Раскорячившись на полусогнутых нижних конечностях, я выставил перед собою вытянутые треморные длани — пошарил, помял ладонями вазелиновую черноту пространства, затем развел их в стороны, надеясь уткнуться в какую-нибудь ютящуюся закланную жертву, — вокруг меня, если доверять моим плавающим слегка озябшим и взмокшим перстам, существовала порядочная пустота…


И раздражающая непереносимая неблагодатная тишина, бьющая по нервам похлеще благозвучно гавкнувшего гонга…


Ощущение заживо погребенного — совершенно до этих черных минут мне неведомое — все более и более усугублялось…


Оставалось одно: выдать свое месторасположение, выбросив через горло ненадуманные матерные приветствия-проклятия этому забавному предмогильному траурному полигону…


Впрочем, очень хотелось завалиться в какой-нибудь спасительно чудодейственный старорежимный дамский… faint. Так сказать, сделать финт-фейнт…


Но такие идиотические мечтания не сбываются по собственному желанию; они, подлые, случаются сами, без предуведомления, почти исподтишка, блюдя воровскую, так сказать, традицию…


— Ну, господа убивцы! Я жду вас! Вот он я, ваша трепетная жертва! Втыкайте что нужно и куда нужно… Пилите, в конце концов! Я ваш!


В ответ на мою дамскую мольбу…


Вместо порядочного молниеносного удара судьбы — профессионального тычка шилом — мои уши еще более заложило от непорочно обморочной дешевой тиши…


Я обнаружил, что мои ноги-невидимки уже выбрали какой-то шустрый маршрут, — меня вольно несло на неведомые, невидимые и, вероятно, жуткие преграды…


Я полагал, что вот-вот упрусь лбом или костяшками ног въеду в какую-нибудь капитальную кирпичную перемычку-переборку…


Я изо всех своих поношенных психических сил надеялся на…


Разумеется, на самый благоприятный для моего бренного тела исход. Мое тело блефовало самым простодушным образом.


Мое тело желало жить и поэтому жаждало порядочного справедливого великодушного исхода Распри — Согласия…


И я дождался социалистической справедливости в отношении своей фаталистически (мисопонически) прикорнувшей натуры.


Я не почувствовал никакого изменения в своем паникующем, обильно спрыснутом мертвящими духами организме…


Спустя пару мгновений, после неуловимого, почти безболезненного кольчатого ощущения в районе пупочной брюшины, я вдруг сообразил, что меня наконец-то продырявили нежным сапожным инструментарием — шилом, прошедшим, по всей невидимости, лазерную заточку…


Вернее, меня не проткнули, меня на какие-то доли секунды нанизали на некую неощутимую струну-спицу… И почти тотчас же сбросили, смахнули с ее тончайше стильного жала-тела.


Причем продырявили (или продырявила все-таки) до такой степени шустро, что мое обоняние не успело среагировать подобающим образом и не перебросило моим самооборонительным силам оперативную информацию, дабы те привели бы себя в готовность, какую-никакую…


Потолкавшись пальцами у волосистого пупка, я едва нащупал просочившуюся сукровицу, которую сперва обследовал на аромат, затем, не побрезговал, — и на вкус… Все сходилось — на влажные подрагивающие подушечки нацедилась моя ценная животворная жидкость, изойдя которой, я более…


А поелозив свободной рукой по спине, в районе левой здоровой почки обнаружил ту же кровянистую натечь…


Невидимая интеллигентная бабуська продернула через меня, громогласного губошлепа, свое смертоубийственное приспособление, точно я всю жизнь мечтал быть аккуратно пропоротым и вздетым в виде ценного жужжащего жука в этом трупно-черном гербарии…


— Мадам!
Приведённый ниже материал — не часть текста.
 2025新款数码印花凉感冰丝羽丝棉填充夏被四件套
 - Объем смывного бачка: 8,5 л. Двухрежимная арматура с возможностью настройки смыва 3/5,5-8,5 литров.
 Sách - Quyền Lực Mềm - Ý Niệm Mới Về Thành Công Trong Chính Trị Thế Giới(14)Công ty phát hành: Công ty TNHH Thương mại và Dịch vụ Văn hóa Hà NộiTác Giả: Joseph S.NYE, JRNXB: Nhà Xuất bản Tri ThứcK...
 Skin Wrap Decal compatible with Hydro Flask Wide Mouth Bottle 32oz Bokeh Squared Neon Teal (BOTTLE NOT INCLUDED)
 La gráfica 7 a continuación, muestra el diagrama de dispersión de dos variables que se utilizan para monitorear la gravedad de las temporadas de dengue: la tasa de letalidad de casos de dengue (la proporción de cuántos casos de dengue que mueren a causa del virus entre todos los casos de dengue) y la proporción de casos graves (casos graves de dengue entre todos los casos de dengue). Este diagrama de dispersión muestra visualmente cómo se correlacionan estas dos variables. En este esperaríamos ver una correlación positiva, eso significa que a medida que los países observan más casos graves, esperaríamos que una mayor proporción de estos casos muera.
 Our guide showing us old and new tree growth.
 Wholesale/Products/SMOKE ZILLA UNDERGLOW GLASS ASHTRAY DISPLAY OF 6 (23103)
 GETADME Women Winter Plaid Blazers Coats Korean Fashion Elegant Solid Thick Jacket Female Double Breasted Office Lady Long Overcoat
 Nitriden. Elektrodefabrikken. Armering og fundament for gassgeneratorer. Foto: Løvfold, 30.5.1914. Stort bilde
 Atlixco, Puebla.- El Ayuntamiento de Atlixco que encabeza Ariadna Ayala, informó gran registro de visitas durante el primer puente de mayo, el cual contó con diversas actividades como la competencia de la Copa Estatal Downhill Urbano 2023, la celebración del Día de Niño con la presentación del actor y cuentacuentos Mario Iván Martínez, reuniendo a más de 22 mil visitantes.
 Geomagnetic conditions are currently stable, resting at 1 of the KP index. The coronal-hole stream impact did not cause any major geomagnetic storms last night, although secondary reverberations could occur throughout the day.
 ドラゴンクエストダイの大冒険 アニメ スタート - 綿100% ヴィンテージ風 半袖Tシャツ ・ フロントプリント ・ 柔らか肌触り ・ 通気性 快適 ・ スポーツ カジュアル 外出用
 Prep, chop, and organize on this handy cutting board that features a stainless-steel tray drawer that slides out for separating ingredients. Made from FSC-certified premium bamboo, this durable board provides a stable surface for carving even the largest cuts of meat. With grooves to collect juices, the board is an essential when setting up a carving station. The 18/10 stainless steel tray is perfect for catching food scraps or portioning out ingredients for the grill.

Вы чудесно освоились на этих войнушках… Вы, бабуля, молодчина… Так ловко приколоть, когда ни зги не видать… Полагаю, санитаров здесь не полагается…


В ответ изо всех черных углов этого боевого самодеятельного полигона на меня наверняка безнадежно затаращились рассредоточенные безмолвные жертвы и палачи, среди которых и моя интеллигентная с пенсионерской биографией мадам-палачка…


Собственно, после экзекуции протыкания полагалась бы следующая стадия — отпиливание какой-нибудь неудачливой неосторожной конечности, скорее всего верхней, в особенности правой, которой я все норовил сцапать кого-нибудь или что-нибудь в этой предупредительно тишайшей пустоши…


— Сударь, — я это к вам, голубчик, который нынче с пилой двуручной жертву приискивает. Я к вашим услугам! Пилите, если уж так приспичило… Бог вам в помощь…


Нехорошо, дядя Володя, всуе Создателя поминать в сем адском урочище… Не зачтется сия бравада твоей грешной душе. Не зачтется…


А в сущности, какая теперь мне разница — от искусного прободения, которое свершили с моим глупым телом, все равно долго не протянуть, внутреннее невосстановимое и неостановимое ничем кровотечение, гнуснее поражения не бывает, если верить медицинским талмудам…


Но надеждам моим куражливым на встречу с убивцем-пильщиком суждено было не оправдаться, потому как вместо второго вооруженного гладиатора, которого сулил мне мой доморощенный самодержец-родственник, по ходу безумного спектакля был введен совсем иной, более жутковатый персонаж, которого я давно знал — и ведал о нем, кажется, все…


Это оказался…


Это оказалась моя разлюбезная…


Свою бывшую суженую я угадаю в любой столичной толчее. Угадаю благодаря натренированному многолетней осадой обонятельному аппарату, который помимо моих волевых команд в любое время суток обреченно отрапортует: в пределах досягаемости рукой находится любимый объект…


Специфическую ароматическую ауру моей бывшей возлюбленной супруги я не спутаю ни с какой другой. И не то что она, аура, тошнотворно забивает все остальные присутствующие запахи, отнюдь — вполне цивилизованно одуряющий дамский синтетический парфюм-букет, который собирался ею столько лет,— и наконец, собранный, окончательно подвиг меня на дезертирство из любовно обустроенного семейного гнездовища…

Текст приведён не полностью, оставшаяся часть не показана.